= Wiebke Arlt =

German endocrinologist

Wiebke Arlt is a German endocrinologist. She is Director of the MRC London Institute of Medical Sciences and Head of the Institute of Clinical Sciences at Imperial College London. She is also Honorary Professor at the University of Birmingham. She specialises in adrenal disease and disorders of sex development.

==Career==
Arlt studied medicine at the University of Cologne, completing a MBChB in 1990 and an academic MD in 1993. She trained in endocrinology at Universitätsklinikum Würzburg (University Hospital Würzburg) and finished her training in 1998. She then embarked on a research career, beginning in the University of California in San Francisco (UCSF) under the supervision of pediatric endocrinologist Walter L. Miller, with a fellowship grant from the German Research Council. She returned to Würzburg as a consultant endocrinologist briefly in 2001, before moving to the University of Birmingham in England in 2002 with another fellowship from the German Research Council. She became a senior lecturer at the university in 2004, the same year that she received a Medical Research Council clinical fellowship. She was promoted to Head of the Centre for Endocrinology, Diabetes and Metabolism in 2008 and William Withering Chair of Medicine in 2014. She is also director of Birmingham's Institute of Metabolism and Systems Research (ISMR), and is an honorary consultant endocrinologist at the Queen Elizabeth Hospital Birmingham, where she specialises in adrenal and gonadal disease.
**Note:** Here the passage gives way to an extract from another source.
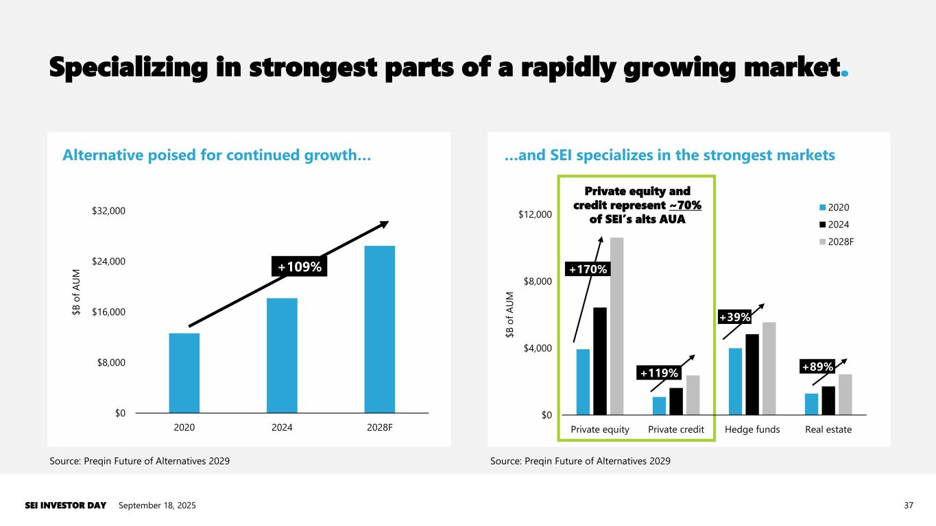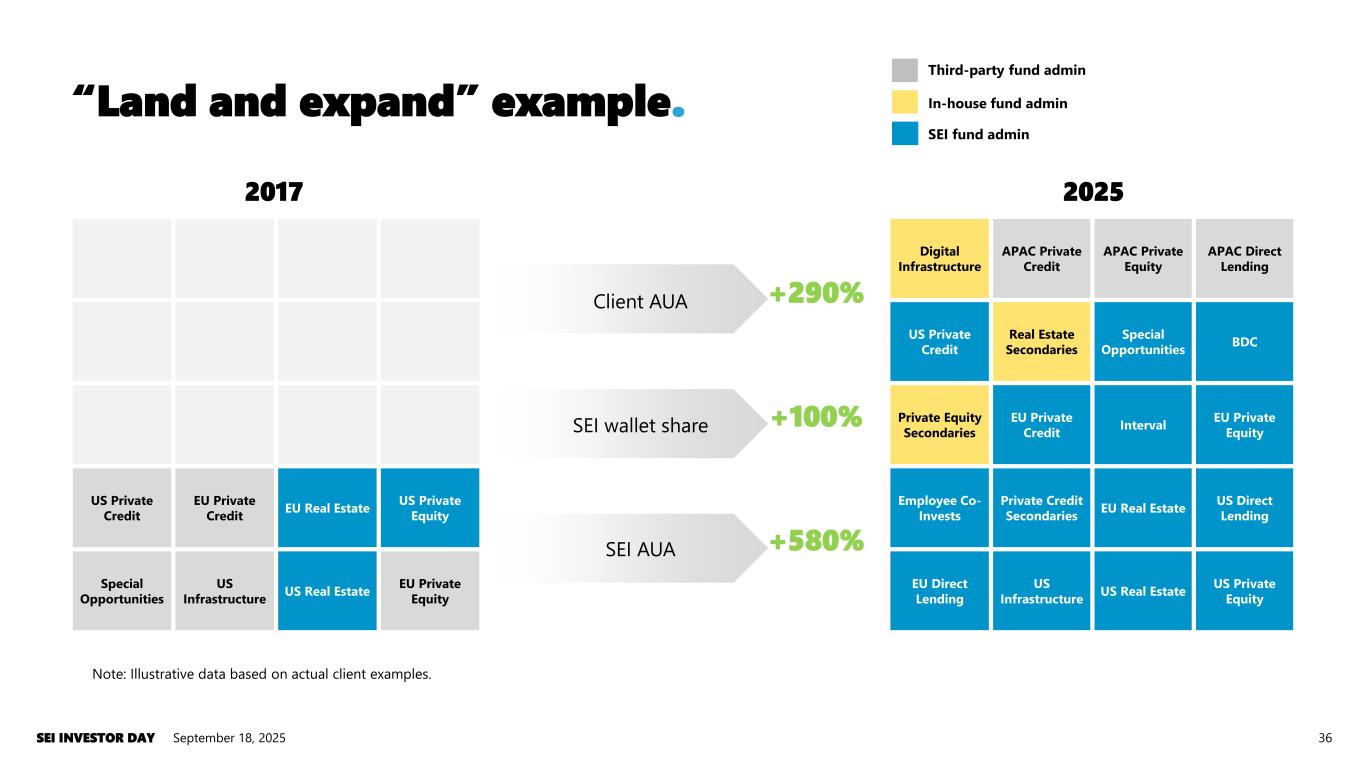 “Land and expand” example. September 18, 2025SEI INVESTOR DAY 36 US Private Credit EU Private Credit EU Real Estate US Private Equity Special Opportunities US Infrastructure US Real Estate EU Private Equity Digital Infrastructure APAC Private Credit APAC Private Equity APAC Direct Lending US Private Credit Real Estate Secondaries Special Opportunities BDC Private Equity Secondaries EU Private Credit Interval EU Private Equity Employee Co- Invests Private Credit Secondaries EU Real Estate US Direct Lending EU Direct Lending US Infrastructure US Real Estate US Private Equity Client AUA +290% SEI wallet share +100% SEI AUA +580% 2017 2025 SEI fund admin Third-party fund admin In-house fund admin Note: Illustrative data based on actual client examples.

She became a Fellow of the Royal College of Physicians in 2006 and was elected to the Academy of Medical Sciences in 2010.

==Research==
Arlt's main research interests involve adrenal tumours and disorders of sex development. Her group at the University of Birmingham conducted the first randomised controlled trial to show that DHEA replacement is beneficial in patients with adrenal insufficiency. She has also discovered a form of androgen excess due to a single gene mutation. At UCSF, Arlt and Walter Miller described a new form of congenital adrenal hyperplasia. She has authored more than 200 publications and is editor-in-chief of the European Journal of Endocrinology.